Another unpredictable day for sterling on Friday, with recovery from a 13-month low seen against the euro. With no economic data of note released from the UK on Friday, sterling movement was largely dictated by events elsewhere. Profit-taking against the euro saw sterling make up ground against the single currency, whilst better-than-expected retail sales data from the US saw sterling fall against the dollar. At the start of today’s trading we have seen a “gap” upwards for sterling against the euro which may be a consequence of Draghi making a speech later today and worries over what he may say to undermine the euro.
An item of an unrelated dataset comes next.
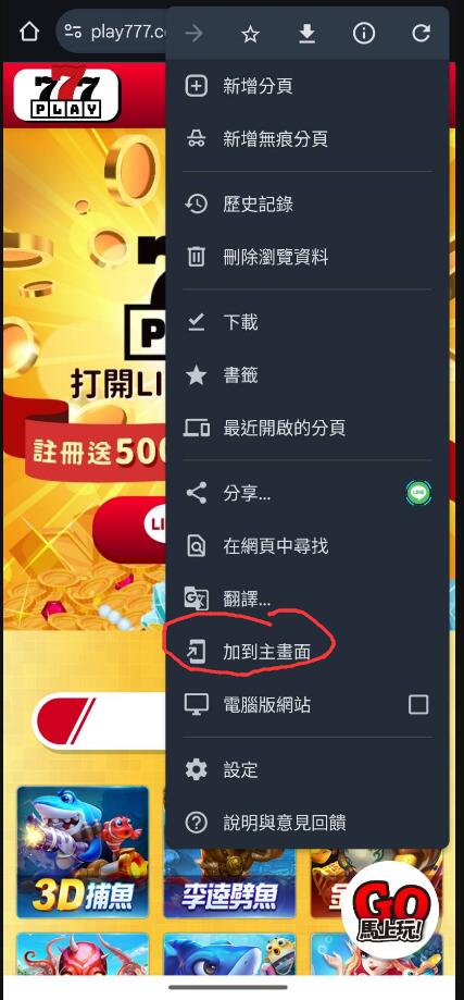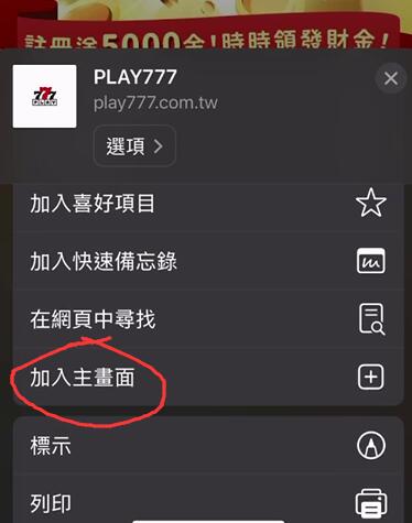 D. 回手機畫面可以找到PLAY777登入就獲得3,000金

Despite a quiet start to the week, UK inflation data will be a key figure when it is released tomorrow. With negative inflation fresh in the memory, investors are likely to take a positive view of sterling should inflation reach the 0.3% forecast throughout January. Wednesday’s average earnings index will also be closely watched, with positive wage growth indicative of a positive economic climate. On Friday we have retail sales figures for the past month which are expected to show a strong rebound from the 1% contraction experienced in December. We also have the Public Sector Borrowing Requirement which will be very carefully scrutinized given that January is a key month for tax collections and we have a UK budget coming up very soon.
We also expect further “revelations” on the In/Out vote of Britain’s membership of the European Union with regard to timing and as to what concessions have been negotiated with its other members. This will have an effect on sterling.